The idea of investing in student rooms was the buzz term in 2013 and 2014. But for a number of years now we’ve been cautioning our clients to give the concept a wide berth.
A recent article by the Financial Times has now cast further doubt over investing in Purpose Built Student Accommodation (PBSA). Whether you’re tied to student property or looking for student investments in 2017, the article is worth reading.
This type of article is nothing new, mind.
For example, as reported by newspapers at the time, we suggested that Liverpool was saturated with sub-standard room investments in late 2014. But to this day, we’re receiving emails about new developments in the “underserved Liverpool student market” according to sales agents.
Admittedly, there has been a decrease of promoted developments, but they’re still there if you look hard enough.
If anything, these developments are now often touted around South East Asia. Off guard punters in places like Malaysia or Singapore are heavily pitched to. More recently, we know of developers that have pushed this type of investment in China.
What is to blame for the negative outlook?
The European Referendum outcome in 2016 is a key moment where incoming student numbers have had to be revised.
But even prior to this, the number of students accepted into UK universities had taken a dip.
With Brexit taking shape in one form or another, the above projection by Ernst & Young clearly shows the direction of travel for the number of students going to university.
Compounded by the incumbent Government taking an anti-immigration stance, the incoming foreign numbers are now expected to reduce even more.
Taking into consideration that a lot of these student rooms are targeting the more affluent end of the student market – especially the Chinese market – we can’t see who will be attracted to these expensive private halls of residence.
How to benefit from the unsustainability of PBSA
We are keeping an eye on the market.
When things go sour with this type of investment – and it’s inevitable that they will in certain areas – it will be a time to pick up a bargain. Desperate investors who bought into the student room hype will want to offload.
It must be remembered, however, that a lot of PBSAs were bought using cash. With a clear lack of financing available, almost all purchases were unleveraged. So it is possible that incumbent landlords may be happy to sit on their fully owned asset. Whether the meager rental returns are acceptable or not is dependent on the landlord.
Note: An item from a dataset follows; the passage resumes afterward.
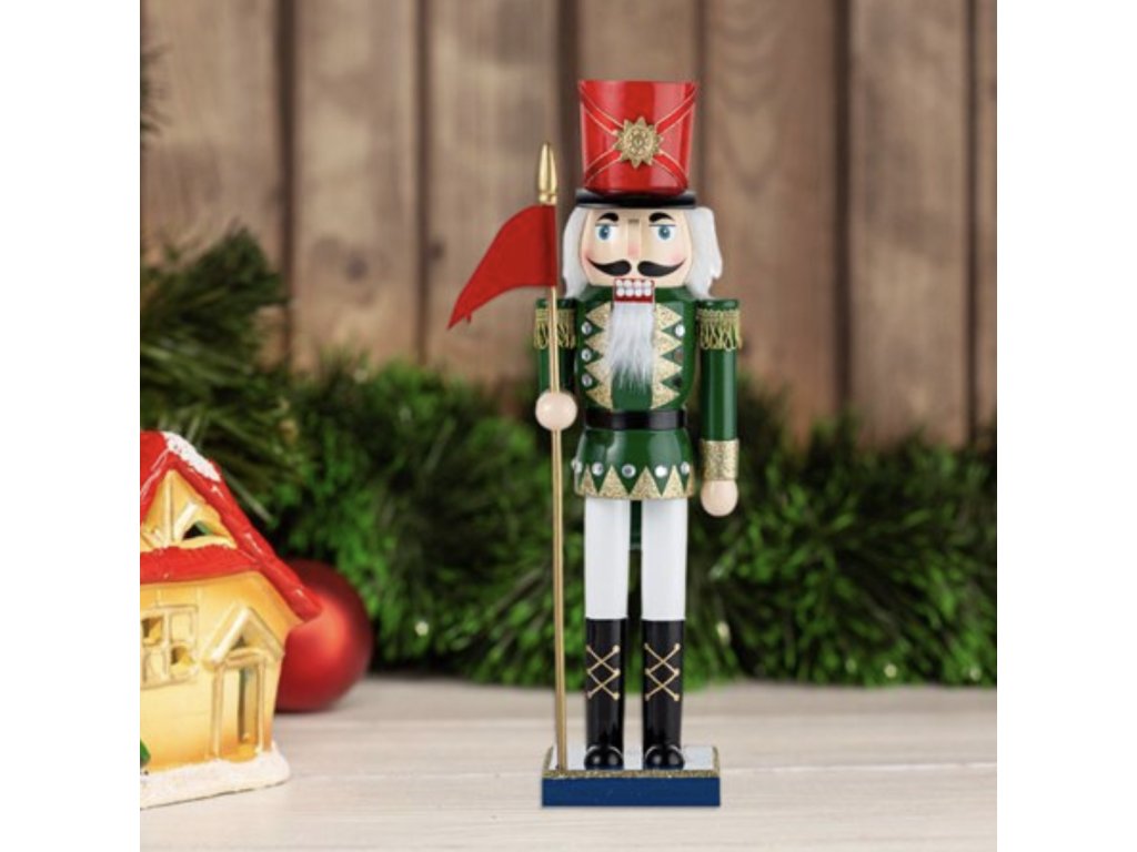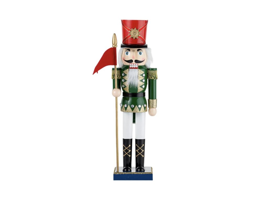 Vánoční figurka louskáček - voják s červenou vlajkou 39cm

What is interesting to ask is: once the heady days of 10% net guaranteed return have expired and the negative aspects of Brexit come into effect, what will go through the mind of the student room investor? It will be interesting to see what happens.
An added complication is that the halls of residence blocks would, in most cases, have different investors own different rooms on a leasehold basis. How would an entire block be sold? An agreement between the individual owners would have to be enacted if some are prepared to sell at a loss. This is an added facet to the different conversations.
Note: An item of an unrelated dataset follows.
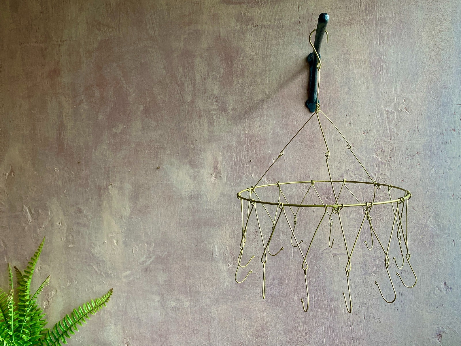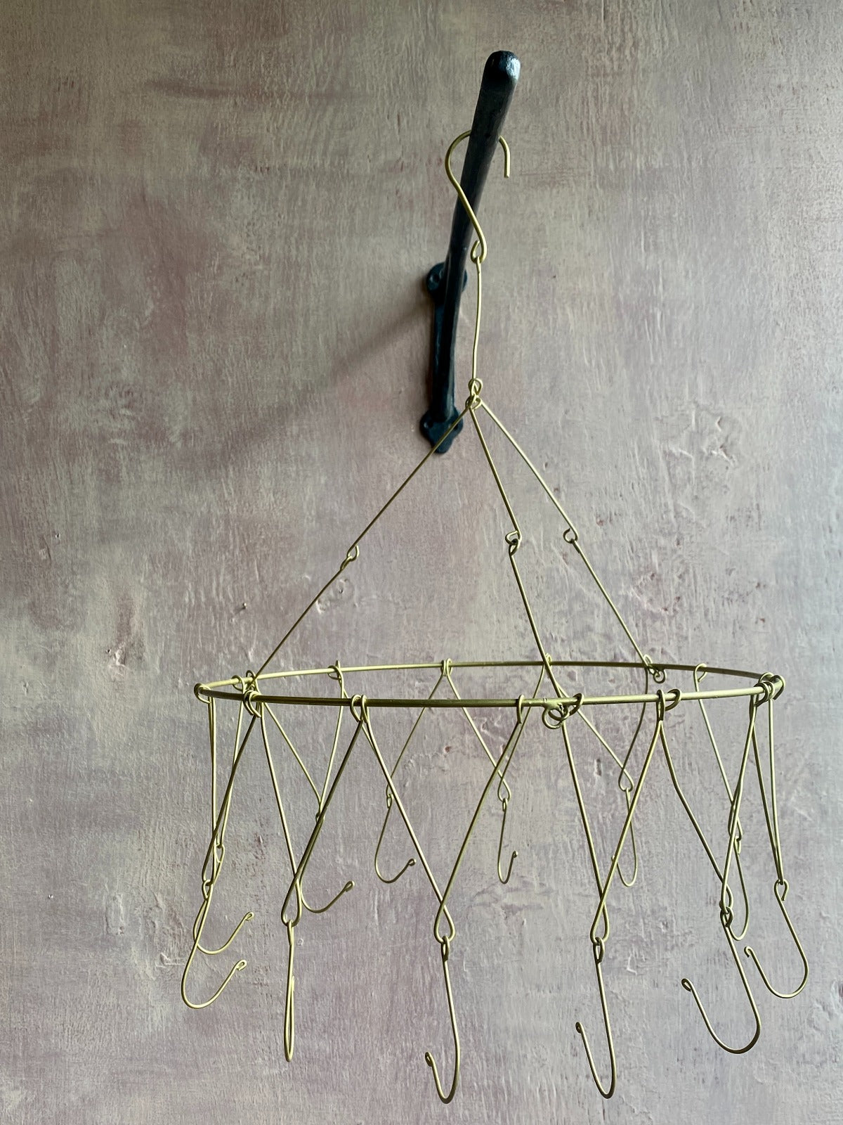 De hanger is verkrijgbaar in de kleur messing, is opvouwbaar en wordt plat geleverd.

It all sounds rather messy.
However, where an opportunity does present itself – and as long as it can be snapped up for the right price – it will be a question of how to generate a rent roll. Whether that involves planning to convert the entire block into more useable rental space for the open market or finding a creative solution for these small studios will be dependent on the size of the development and the location of it.
Very much like what the FT article says, we think that PBSA investors in ‘second division universities’ will struggle. While the article mentions Coventry, Liverpool, Durham and Leicester, we don’t consider all of them to have second rate universities; that is merely our opinion.
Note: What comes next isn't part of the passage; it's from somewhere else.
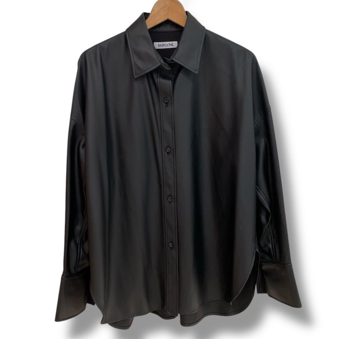 BABYLONE×YUI YANAGIHASHI バビロン 柳橋唯さんコラボ バックタックオーバーシャツ 2450010347 2024年製 フェイクレザー 日本製 ブラック 黒 フリーサイズ レディース 秋 ゴーゴー古着セントラルパーク名古屋店NO.1646
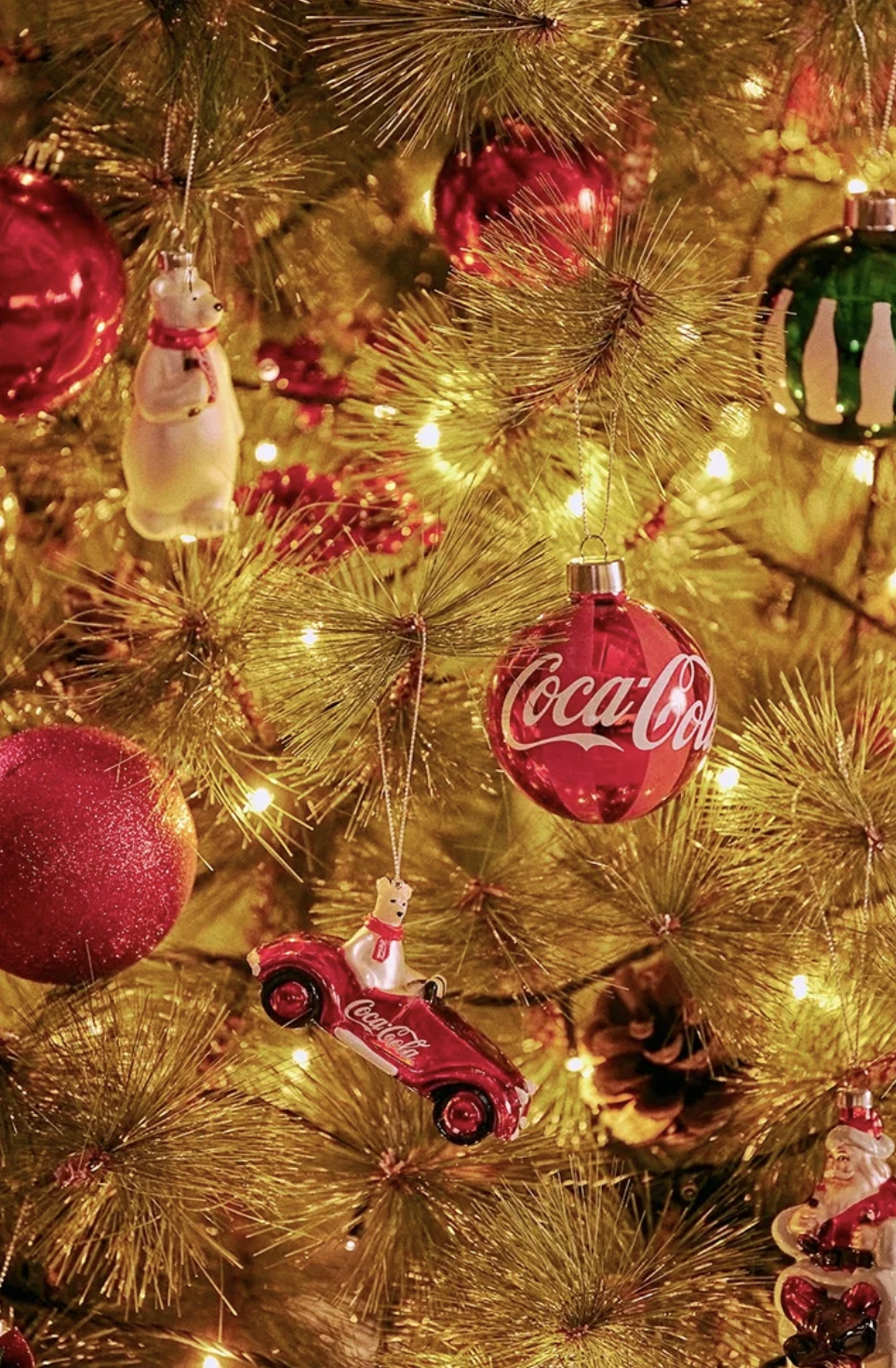 코카콜라에서 제작한 오너먼트입니다! 흰수염과 인자한 얼굴, 산타할아버지 하면 떠오르는 외형을 만들어낸 코카콜라도 매년 오너먼트 행사를 하는데요. 코카콜라의 붉은 아이덴티티 컬러와 초록색의 조합이 크리스마스 그 자체네요. 콜라병 모양으로 패턴을 만들어낸게 귀여운 디테일입니다.

In certain locations where there still is a genuine shortage, then PBSA will still do fine. In most cases, this will be where the university is highly regarded and there is a genuine shortage of student accommodation.
The areas that are perceived to have a lower class of university are ones that will suffer. The local students can opt to live at home instead of paying £135 per week for a glorified bedsit with a flatscreen TV as per the sales brochure (Aren’t all TVs flatscreen these days anyway?).
An Alternative View: PBSAs Are Here To Stay
To play the devil’s advocate for a moment, could it be the FT writer has formed to a premature conclusion?
It could be argued that local councils have encouraged the building of PBSAs i.e. to free up houses that could be used in the Private Rented Sector (PRS). The objective here is to force frustrated student landlords to sell up.
In the eyes of the councils, it is then preferable that homeowners buy the property and move in.
Alternatively, buy-to-let landlords purchase the house to provide a home to local residents (instead of students).
The concentration of students is then focussed in select parts of town which reduces local complaints of noise, disturbance etc. and makes the whole thing a lot more manageable.
Tied in with some councils actively pushing for council tax on student houses (such as Liverpool Council or Brighton Council), the immediate thought of a student landlord is to sell up.
The above is all before considering the failed judicial review of Clause 24 tax changes. That only adds to the headache.
What next for student investments in 2017 and beyond?
There are dark skies ahead for all landlords – whether that is for PBSA investors or otherwise.
The key thing is to secure yourself down over the coming years and to ride the wave. Whether that is paying down debt, reducing the number of properties or getting yourself on a long term guaranteed rent scheme. Ultimately, the onus is on you to speak to your partner, accountant and financial advisor to plan ahead.